At least Everett had finally had a peaceful night, though Lily hadn’t. This time, she’d woken up at 2:00 a.m., sure she’d heard a sound outside her window. It had probably only been the cat. Or possibly the family of raccoons she’d spotted just that morning on camera.
But she’d been too busy to be tired today. There’d been four new renters and almost that many moving out. Summer season had arrived early this year.
She glanced at the clock. “Five thirty!” she called out to Everett. “Are you ready? Barbara will be here to pick you up any minute.”
“I know! Josephine messaged me on Discord.”
Lily rolled her eyes, realizing she’d lost that battle by declining to fight it. Oh well. At least Everett had been in a great mood today. His hormones were surging in the right direction for once.
“She’s here!” Everett called as he hurried out of the apartment and raced for the outer door. “See you later!”
Lily’s hormones were not surging in the right direction. Once Everett left to get burgers and shakes with Josephine and her mom, she felt strangely unmoored, wandering around the apartment, touching a book, straightening a lampshade. She was wound tight and aching with tension, and she was still obsessing about that damn audit.
Gretchen had assured her it was routine, but they’d never audited her before. If she was in trouble, if they’d noticed the discrepancies in her security feed . . .
But they weren’t tech wizards or hackers, and Gretchen hadn’t even checked any video files. Why would she? Nothing was missing and her books were in order. Beautifully in order. Facing even one tiny financial error felt like risking a scarlet letter in this town, so Lily triple-checked her numbers every month.
Still, this all felt too coincidental, and she was half-convinced Detective Mendelson had alerted the company to Lily’s past, the part that wasn’t included in the credit file, like the extent of her ex’s theft and all the terrible things they suspected of her.
“Stop it,” she muttered to herself as she refolded the moss-green throw blanket and arranged it more neatly on the couch. She was used to being alone here during the day, but it felt odd in the evening as chatter and noise from the business park tapered into silence.
Lily glanced at the clock. It was six now. She was free. Barbara had told her to enjoy her night off, and Lily had played along, as if she might do something fun. Now she felt pitiful because she had no idea what to do with a night off. If she stayed home and sat at her table alone with a tuna sandwich, she wouldn’t even be able to deny to herself that she’d turned into a hermit.
Mouth set in a grim line, Lily grabbed her car keys and decided to run a couple of errands to fill the time. Still, setting off toward town didn’t feel relaxing. That wordless encounter with Cheyenne at the café replayed in her mind as she drove toward Main, watching for any familiar, unfriendly faces.
Had she stayed in Herriman to prove something to Cheyenne? She hadn’t really thought about it that way, but now . . . it almost made sense. Lily had loved Herriman as a kid, and then one day her dad hadn’t wanted her or her mom anymore and they’d been shunted aside.
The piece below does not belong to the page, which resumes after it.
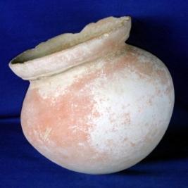| Description / विवरण | Well made, terracotta pot, having averted rim, with slightly broken edges, round body with close striation marks and round base, clay incrustation all over. |
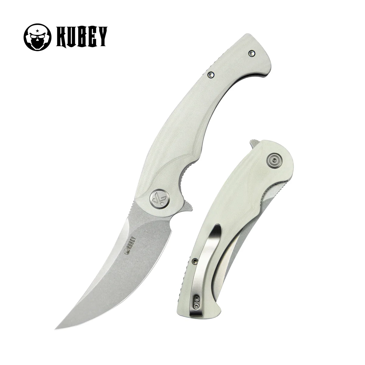 Nóż składany Kubey Scimitar White G10, Beadblasted 14C28N (KU173I)

Cast out.
Maybe taking that job from Cheyenne had been a childish tantrum on Lily’s part. A refusal to be tossed away again. Maybe this had all been a stubborn, selfish mistake and she should have taken Everett and gone anywhere, even if it meant instability.
Or maybe she was just feeling sorry for herself.
Sighing, she pulled into an open parking space on Main Street and turned off her car to sit for a moment.
They were doing okay, weren’t they? It was just that life was supposed to be easier by now. Jones was supposed to be far behind her, the police should have forgotten her, and she desperately wanted to be normal and boring.
At least she had the boring part nailed down even if she’d never be normal. Time for a hot Saturday-night trip to the hardware store. Jesus, she was really going to have to find a few hobbies before Everett left for college in six years.
She lingered in the hardware store, but it still took only a few minutes to grab a couple of lock hasps and a pack of wood screws. She threw in a new paintbrush for some touch-up work she’d been putting off. Then she was back out on Main, tucking the receipt carefully into her billfold to file for expenses later.
She hesitated on the sidewalk. Maybe she could get a puzzle at the dollar store. Would doing a puzzle on a Saturday night be worse than doing nothing at all?
It could be relaxing, though. She could have a glass of wine and listen to music. Put on that old Brooke Waggoner album, maybe, and remember how normal her life had been before she’d met Jones. How she’d slept with fumbling college boys and smoked a cigarette or two with friends at keg parties off campus.